4.5.3 Amsterdam waterstad

De voortdurende uitbreidingen aan weerszijden van de Amstel, in het natte veengebied maakten de grachten noodzakelijk, niet alleen als vestinggracht, maar ook ter ontwatering van de bouwgronden. Dat de pakhuizen hierdoor direct vanaf kleine schuiten vanaf het water bevoorraad konden worden was een bijkomend voordeel.

afbeelding "i_NL.IMRO.0363.A1105BPSTD-VG03_0011.jpg"
De panden aan de Zeedijk (staan met hun representatief vormgegeven achtergevel (met hijsbalken!) direct aan het water.

4.5.4 Kloosters

Het extreem dichtbebouwde stedelijk weefsel kende in de 16e eeuw alleen open ruimte in de vorm van de binnenterreinen van kloosters. Een algeheel reveil van devotie aan het einde van de 14e en het begin van de 15e eeuw had geleid tot de stichting van vele nieuwe kloosters, met name voor vrouwen. Deze vonden vooral een plaats aan de Oude Zijde waar binnen de 15e-eeuwse omwalling de meeste ruimte voorhanden was. Uiteindelijk telde de stad negentien kloosters, waarvan er maar drie lagen aan de Nieuwe Zijde. Een enorme concentratie ontstond aan weerszijden van de Nes, tussen Prinsenhofsteeg en Grimburgwal, tussen de Oudezijds Voor- en Achterburgwal ten zuiden van de Oude Doelenstraat en in de strook tussen de Oudezijds Achterburgwal en de Kloveniersburgwal (aan de toenmalige rand van de stad) van de Amstel tot aan de Zeedijk.

Met name in dit laatste gebied was het grondbeslag van de kloosters enorm. De meeste van deze voormalige kloosterterreinen zijn in de huidige stadsplattegrond door hun afwijkende verkaveling nog terug te vinden.

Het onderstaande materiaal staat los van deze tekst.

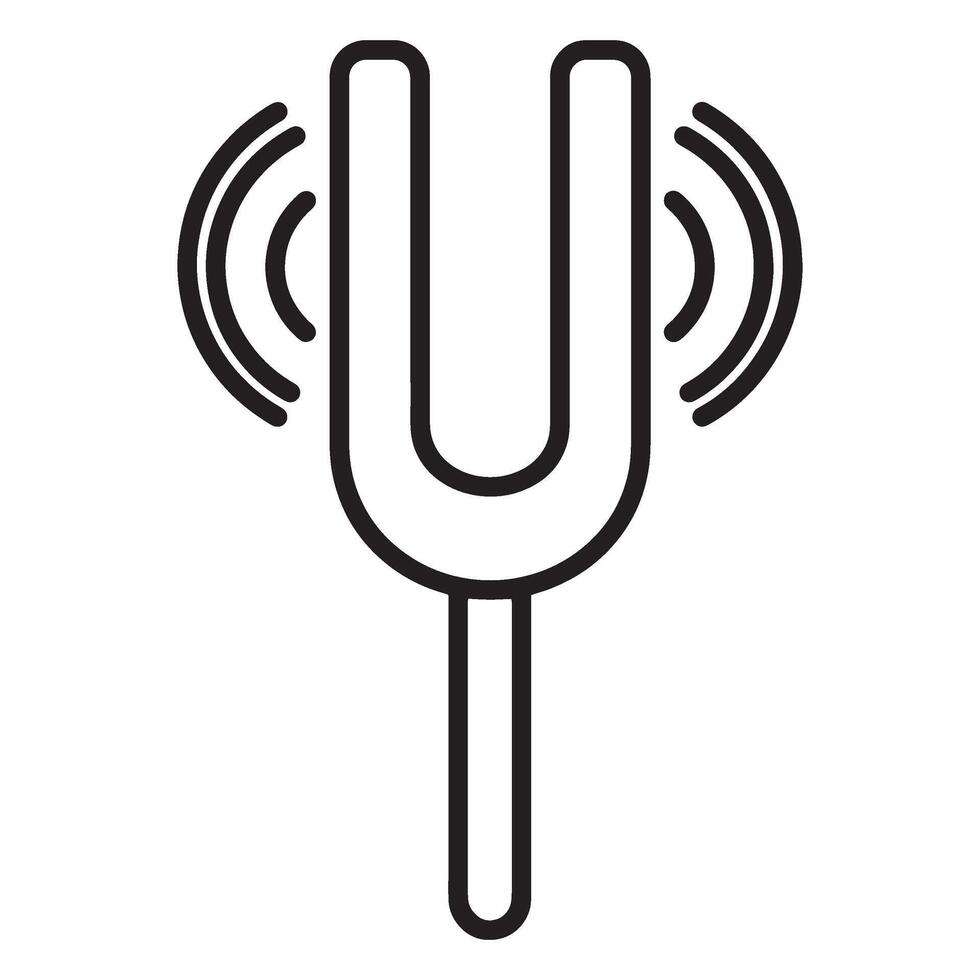 Simple black outline drawing of a tuning fork with sound waves for music concepts Pro Vector

Na de Alteratie (1578) werden de meeste kloosterbezittingen door de stad geannexeerd. Ondanks de enorme ruimtenood in de bestaande middeleeuwse stad koos men er niet in alle gevallen voor de kloostercomplexen op te ruimen en over het vrijgekomen terrein nieuwe straten aan te leggen. Meer kloostergebouwen werden door de stad herbestemd en bleven daardoor als stedenbouwkundige structuur behouden: het Caeciliaklooster aan de Oudezijds Voorburgwal werd Prinsenhof en zetel van de Amsterdamse Admiraliteit (vanaf 1808 stadhuis, nu hotel). Het Paulusklooster werd in 1602 in gebruik gegeven aan de VOC, die vanaf 1615 een nieuw complex bouwde aan de Oude Hoogstraat. Het Luciënklooster bij de Kalverstraat werd Burgerweeshuis. Er kwam een Rasphuis voor mannen (Clarissenklooster aan de Heiligeweg) en een Spinhuis voor vrouwen (Ursulaklooster aan de Oudezijds Achterburgwal). Aan de zuidzijde van de Oude Zijde werden de enorme terreinen van de Oude en de Nieuwe Nonnen samengevoegd en in gebruik gegeven aan de Gasthuizen. Dit complex bleef als Binnengasthuis tot ver in de 20e eeuw het belangrijkste ziekenhuis van de stad.